Going line by line through the records below, write out everything starting with the line containing "I'm thrilled to" and going on through the line containing "Общая площадь: 34,4м²;", exactly and inclusively. Pictures do not go in.

Available records ->
__________________________________________________
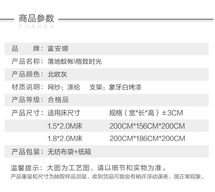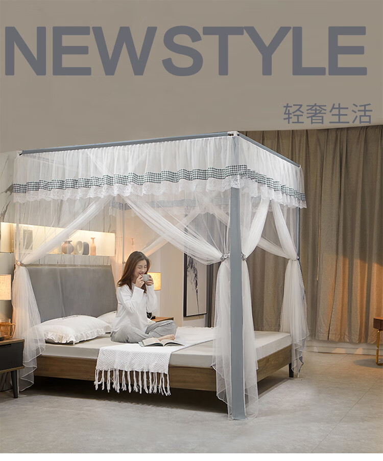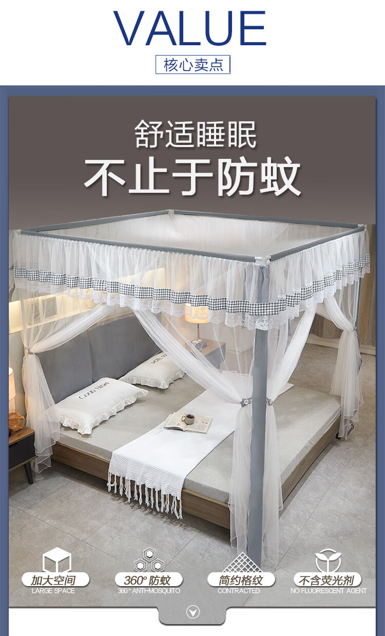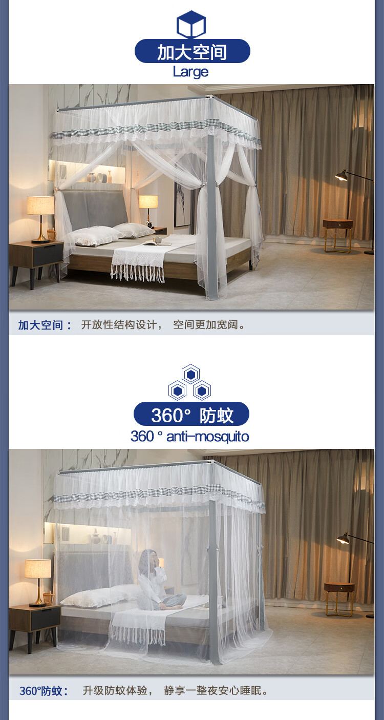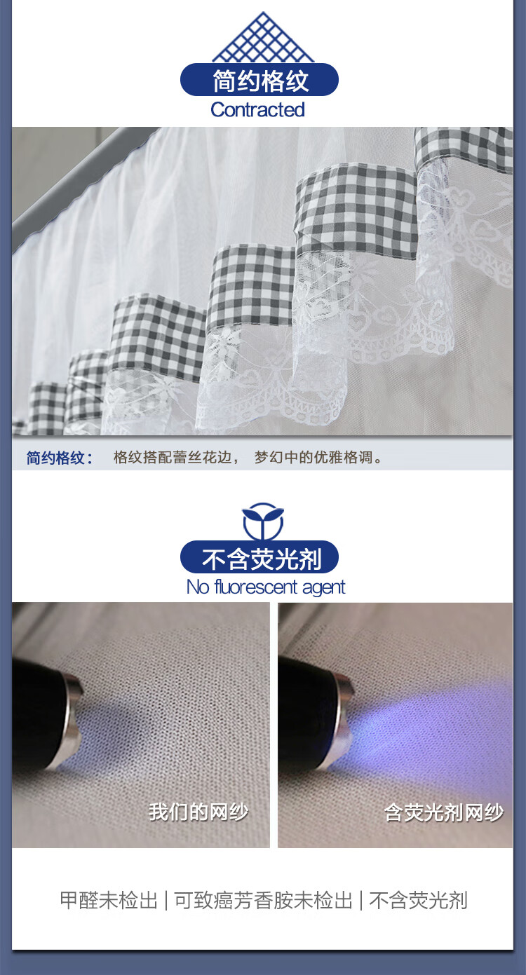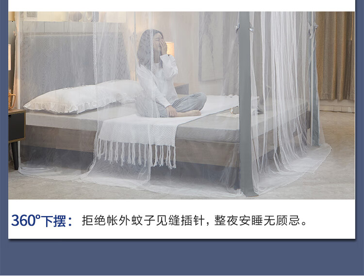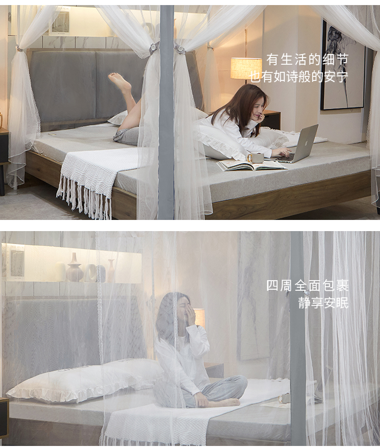 富安娜家纺蚊帐三开门简约落地帐防蚊 加粗加厚支架易安装格致时光1.8米
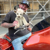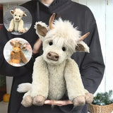 I'm thrilled to present a stunning White Highland cow. This cow, which takes more than 45 hours to make entirely by hand, is made of gorgeously soft winter white alpaca.
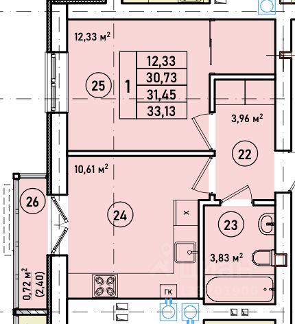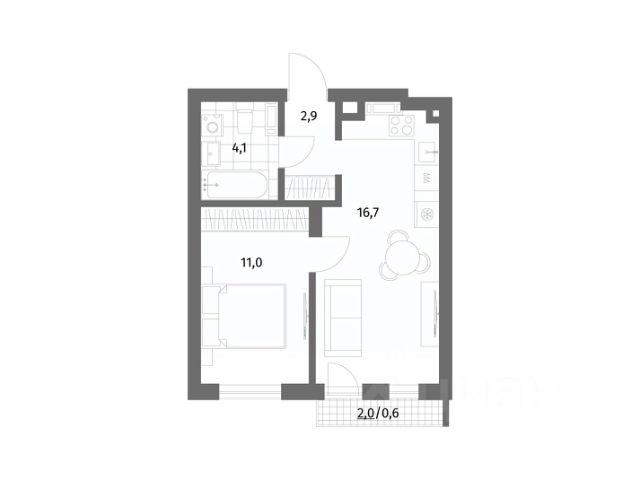+ Общая площадь: 34,4м²;
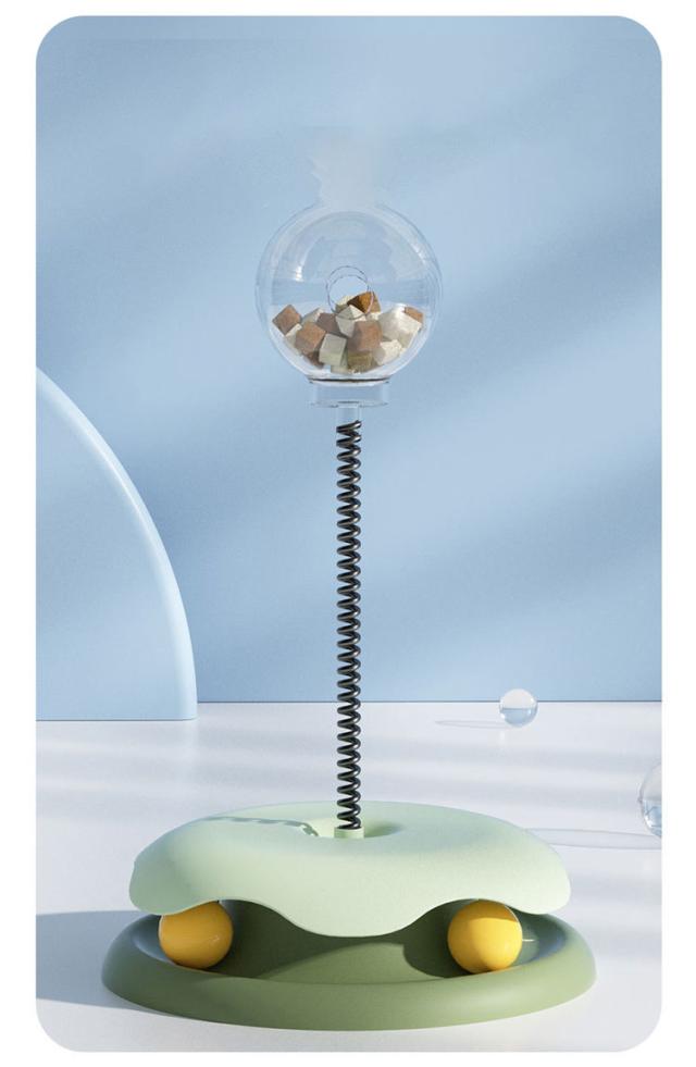 給餌 猫のおもちゃ 猫おもちゃ 回転ボール 猫 ボール ペット ターンテーブルトラック付き 給餌ボール イエロー 運動不足 ストレス解消 玩具 パズルおもちゃ ペット用品 ペット給餌器 猫ひとりで遊べるおもちゃ お留守番対策 ペットグッズ ブルー 猫おもちゃ グリーン
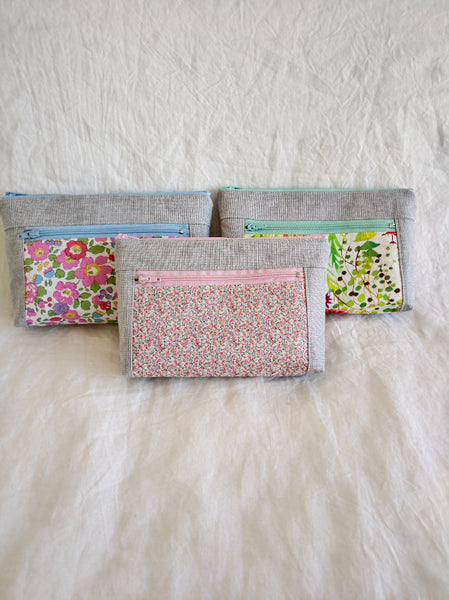 The outer is constructed of Essex Yarn Dyed Linen in grey. This fabric has a metallic thread running through it which gives the pouch a subtle shimmer.
__________________________________________________
Finished exercise ->
 I'm thrilled to present a stunning White Highland cow. This cow, which takes more than 45 hours to make entirely by hand, is made of gorgeously soft winter white alpaca.
+ Общая площадь: 34,4м²;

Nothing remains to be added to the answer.